Originally Posted by gmathew

I solved this problem very carefully many times. But I am not getting the answers given in the homework solution for 5 and 6. These are the answers I am getting.

I am getting ghat = 1.4272x
bias = 0.5413
variance = 0.4725

Is anybody else getting similar answers? Can the intructor please verify the answers given in the homework solution?

thanks

look this topic: http://book.caltech.edu/bookforum/showthread.php?t=424
there is a good discussion about these problems

[ramin]

Maybe don't forget that the expectation "integral" has a p(x) term in it, and p(x) is uniform in the interval [-1,1]

[dtyrp]

Bump for interest in question 6! And I can't access the above link that cassio posted a few years ago

I'm able to get gbar and calculate the bias correctly but calculating the variance still has me stumped.

Here's my thought process:

To calculate variance, compute the integral of (g(x) - gbar(x))^2*p(x) from x = -1 to x = 1. Do this for each hypothesis g in your your hypothesis set (I generated 1000 different g's). p(x) is the uniform distribution that produces your x-axis data points. Now the expected value of a uniform random variable from -1 to 1 is 1/(1- -1) or 1/2. So the integral you calculate for each hypothesis g is really (g(x) - gbar(x))^2/2 from -1 to 1.

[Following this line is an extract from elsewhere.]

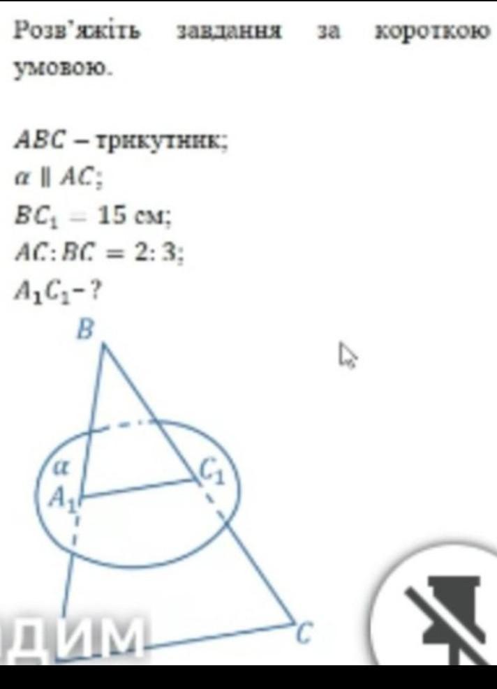 У вас є трикутник ABC, де відрізок AC паралельний відрізку A1C1. Довжина ВС1 дорівнює 15 см. Відомо, що відношення довжини відрізка AC до довжини відрізка ВС є 2:3 (AC:ВС = 2:3).

Take the average of these integrals to get your variance.

I'm not getting the answer so clearly my logic is wrong. Can anybody point me in the right direction?

[dtyrp]

Wow major misunderstanding/typo. The pdf of a uniform random variable from -1 to 1 is 1/2 (i.e. 1/1--1). The expected value is 1/2*(a+b) or 1/2*0, or just zero. Anyway, so adding the uniform pdf p(x) into the integral just halves the value of each integral. Still not understanding what is wrong with my logic, though.